*BRIEF*: Among the entries that follow, locate the line with "Crea una flor" and the line with "The Perry chair". Output those lines and all lines in between, exactly, minus the pictures.

*DATA UNDER STUDY*:
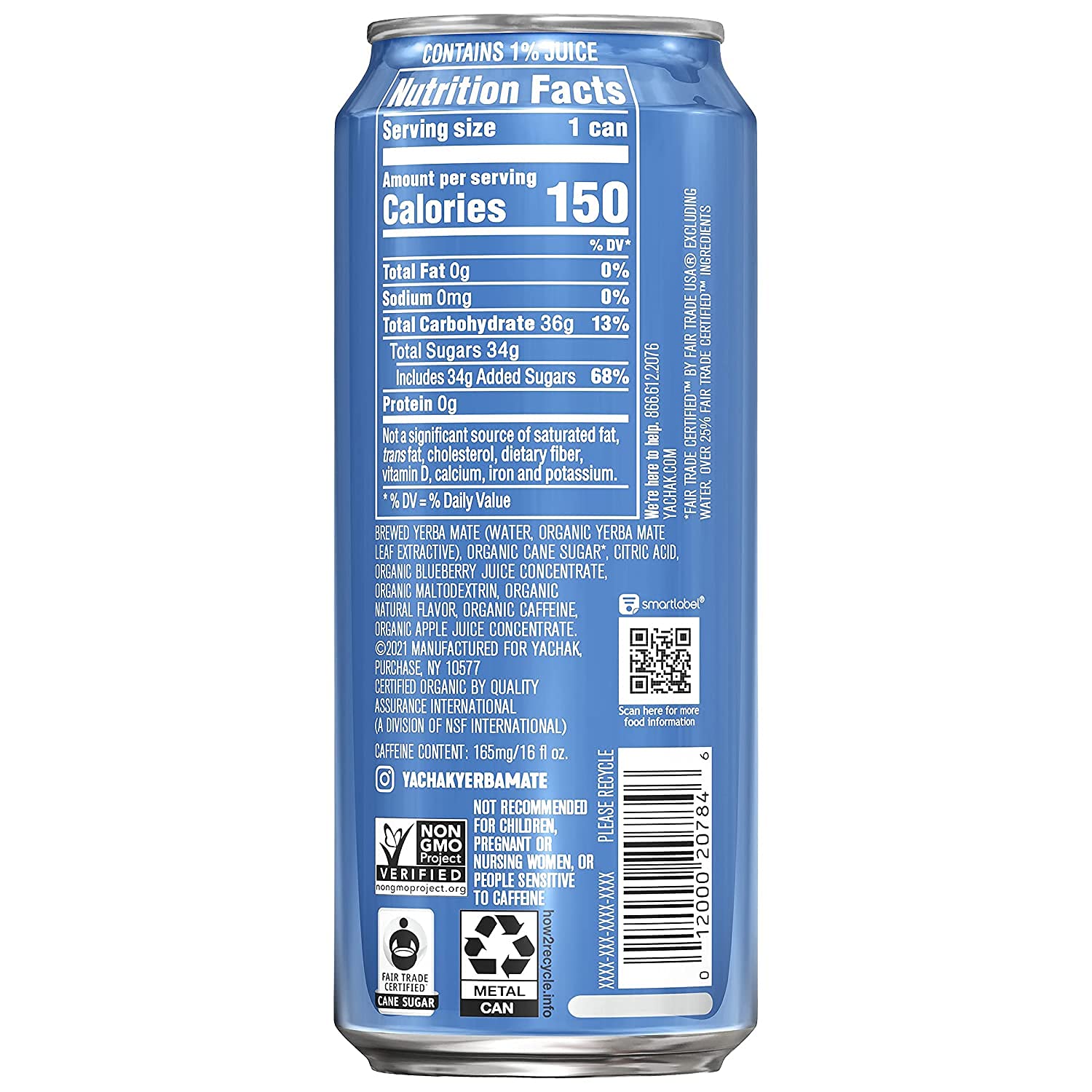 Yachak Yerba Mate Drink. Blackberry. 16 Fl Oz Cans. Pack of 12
* * *
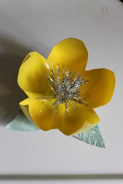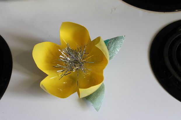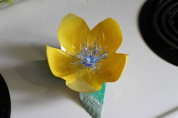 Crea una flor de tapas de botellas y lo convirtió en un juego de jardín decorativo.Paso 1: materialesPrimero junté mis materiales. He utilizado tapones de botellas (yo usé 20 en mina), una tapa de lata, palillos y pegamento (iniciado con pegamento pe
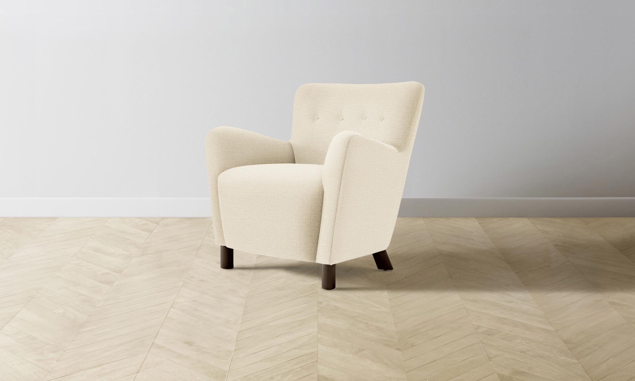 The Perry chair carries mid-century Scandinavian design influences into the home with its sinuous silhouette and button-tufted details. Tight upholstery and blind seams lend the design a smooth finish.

*TASK ANSWER*:
 Crea una flor de tapas de botellas y lo convirtió en un juego de jardín decorativo.Paso 1: materialesPrimero junté mis materiales. He utilizado tapones de botellas (yo usé 20 en mina), una tapa de lata, palillos y pegamento (iniciado con pegamento pe
 The Perry chair carries mid-century Scandinavian design influences into the home with its sinuous silhouette and button-tufted details. Tight upholstery and blind seams lend the design a smooth finish.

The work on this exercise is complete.